Wear rubber gloves to avoid burning your skin.
Keep your fingers away from your eyes.
- 1 habanero or Scotch bonnet chili pepper
- 1 lb lean ground pork
- 1 lb lean ground chuck (80% lean)
- 1/2 cup finely chopped scallions (white and light green parts only)
- 2 tbsp packed bark brown sugar
- 1 tbsp fresh lime juice
- 1 tbsp soy sauce
- 1 1/2 tsp fresh, minced, thyme leaves
- 1 1/2 tsp allspice
- 1 tsp kosher or sea salt
- 1/2 tsp ground cinnamon
- 1 garlic clove, minced
Toppings:
- Pineapple Salsa
- Freshly ground black pepper
- 6 brioche buns, split
To Make:
Wearing rubber gloves, remove and discard the stem and seeds from the habanero. Mince the habanero and place in a large bowl. Add the remaining ingredients, and then gently form 6 patties of equal size, each about 1 inch thick. With your thumb or the back of a spoon, make an impression in the patty about 1 inch wide. This will keep the burgers from forming a dome as the cook.
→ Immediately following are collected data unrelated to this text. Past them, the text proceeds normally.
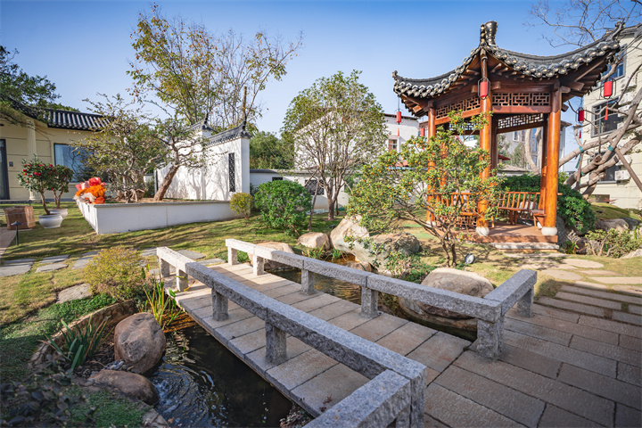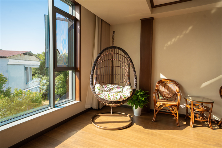 房间都带超大落地窗,将院子里的诗意画卷请入室内。靠窗的位置还配备了吊篮藤椅,晴天午后,窝在椅子里晒太阳、看风景,特别惬意。
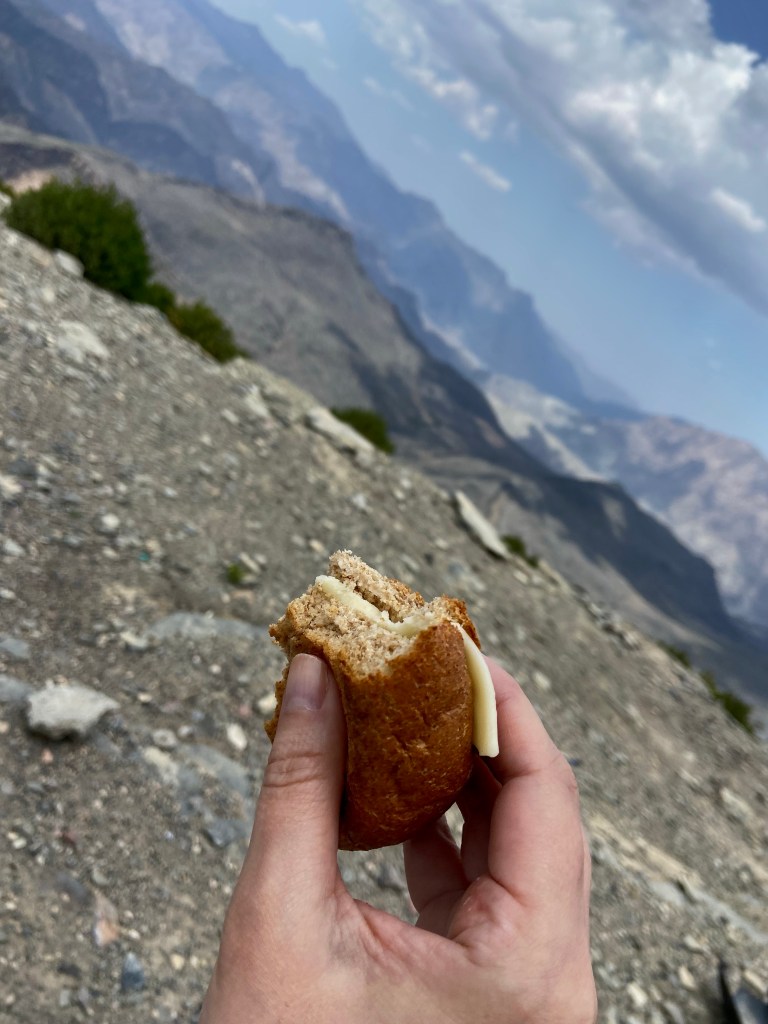 Wir machen eine kurze Lunchpause (ich kann Cracker und Kekse nicht mehr sehen) oben auf 2000 Meter, dann geht es die sicherere Route unter Regengeprassel wieder bergabwärts.
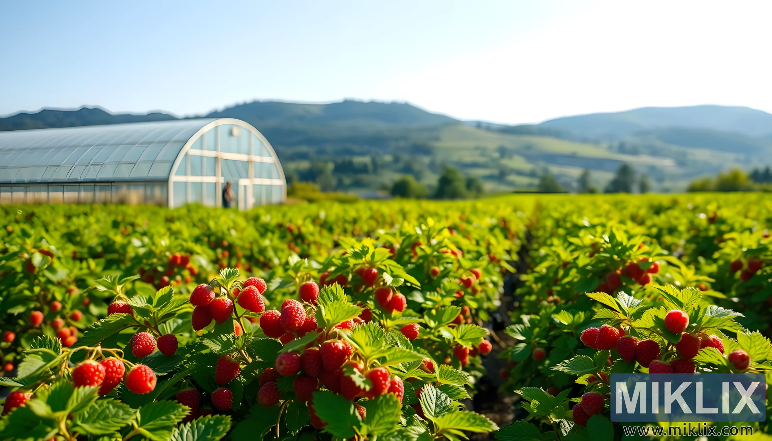Uspješna farma malina sa zrelim bobicama, poljoprivrednik koji se brine o biljkama i staklenik pod zlatnom sunčevom svjetlošću, simbolizirajući organsku i ekološki prihvatljivu poljoprivredu.
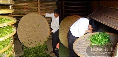 、静置 青叶经过晒青后,将青叶归筛,放入做青室静置,青叶经过晒青时,会蒸发部分水分,青叶成遢软样,在青间静置时,叶梗、叶脉的水分这时会往叶面补充,这时,叶面又会挺直起来。
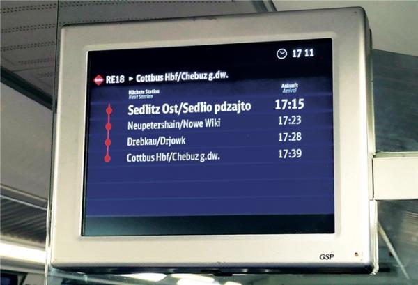 Z Łužyce/Lausitz. DBRegio ako za regionalne śěgi na wěstych linijach zagronite pśedewześe se južo wšake lěta procujo, serbsku rěc integrěrowaś do informacijow za drogujucych. Mjaztym jo juž lěta dłujko standard, na monitorach w śěgach pokazaś dwójorěcne mjenja dwórnišćow w serbskem sedleńskem rumje. Až jo hyšći njewótzamknjony proces móžomy rowno wiźeś w śěgach mjazy Chóśebuzom a Złym Komorowom. W staršych śěgach dajo hyšći software, kótaraž ma techniske śěžkosći ze wšakimi serbskimi pismikami, kótarež pón feluju. Nowša software z tym njama wěcej žedne problemy. Dla togo jo se zeleznica pak za to rozsuźiła njewužywaś aktualne městne zapiski serbskego sedleńskego ruma w Bramborskej ale widobnje jo ako žrědło wzeła stare zapiski wót NDRskeje Deutsche Reichsbahn (DR). Tak wiźimy teke Ruhland/Rólany a Lauchhammer/Łuchow dwójorěcnje. To jo DR w 1950tych lětach zawjadła a kóńc 1960tych lět zasej reducěrowała. Ruhland/Rólany jo pak zachopjeńk 2000tych lět južo raz slědk pśišeł, ako su dwójorěcne kursowe knigły z jězdnymi planami zasej krotkocasnje wózjawili.
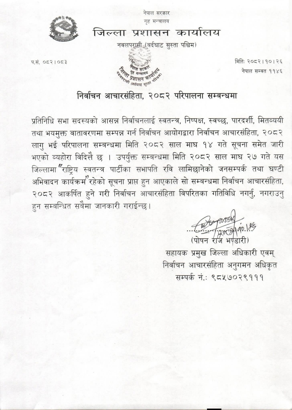यसै सन्दर्भमा सहायक प्रमुख जिल्ला अधिकारी तथा आचारसंहिता अनुगमन अधिकृत पोषणराज भण्डारीले प्रतिनिधिसभा सदस्यको आसन्न निर्वाचनलाई निष्पक्ष र मर्यादित बनाउन रास्वपाले सञ्चालन गरेको ‘जनसम्पर्क तथा घण्टी अभिवादन’ कार्यक्रम आचारसंहिता प्रतिकूल हुने स्पष्ट पारेका छन् ।
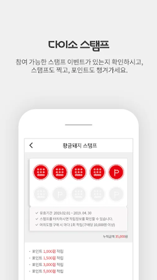 - You can earn 0.1% of the purchase amount of Daiso products, and can be used like cash in units of 50 points.
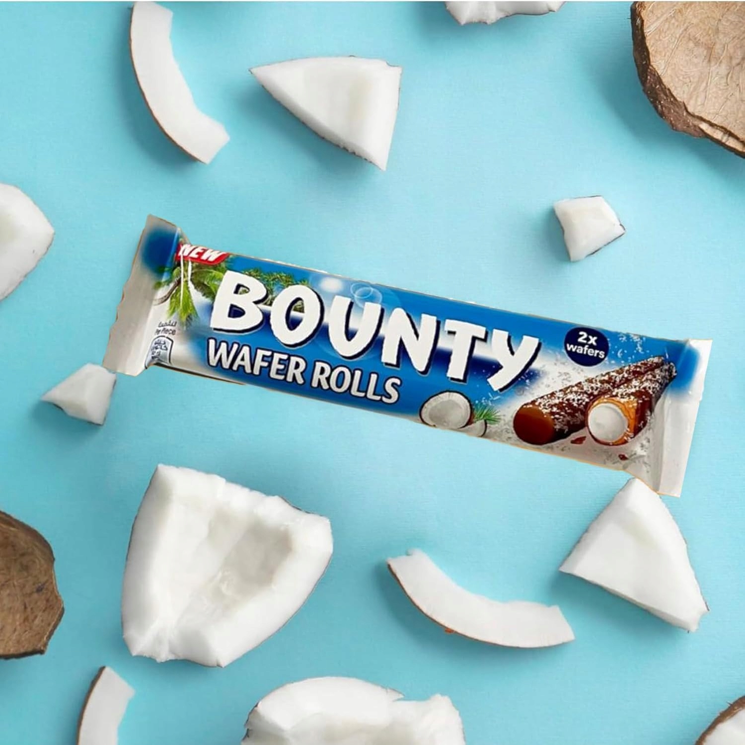 Bounty to marka znana z wyjątkowych słodyczy o charakterystycznym, kokosowym smaku. Bounty Wafer Rolls to nowoczesna odsłona klasycznego Bounty, która łączy egzotyczny smak kokosa z chrupkością wafla, zapewniając świeże podejście do ulubionej słodyczy.

Refrigerate the patties until ready to grill.
2. prepare the grill for direct cooking over medium heat (350°F to 450°F)
3. Prepare the Pineapple Salsa.
4. Generously season the patties on both sides with pepper, then grill over direct medium heat, with the lid closed, until cooked to medium doneness (160°F), 10 to 12 minutes, turning once. During the last 30 seconds to 1 minute of cooking time, toast the buns, cut side down, over direct heat
5. Build each burger on a bun with a patty and pineapple salsa. Serve immediately.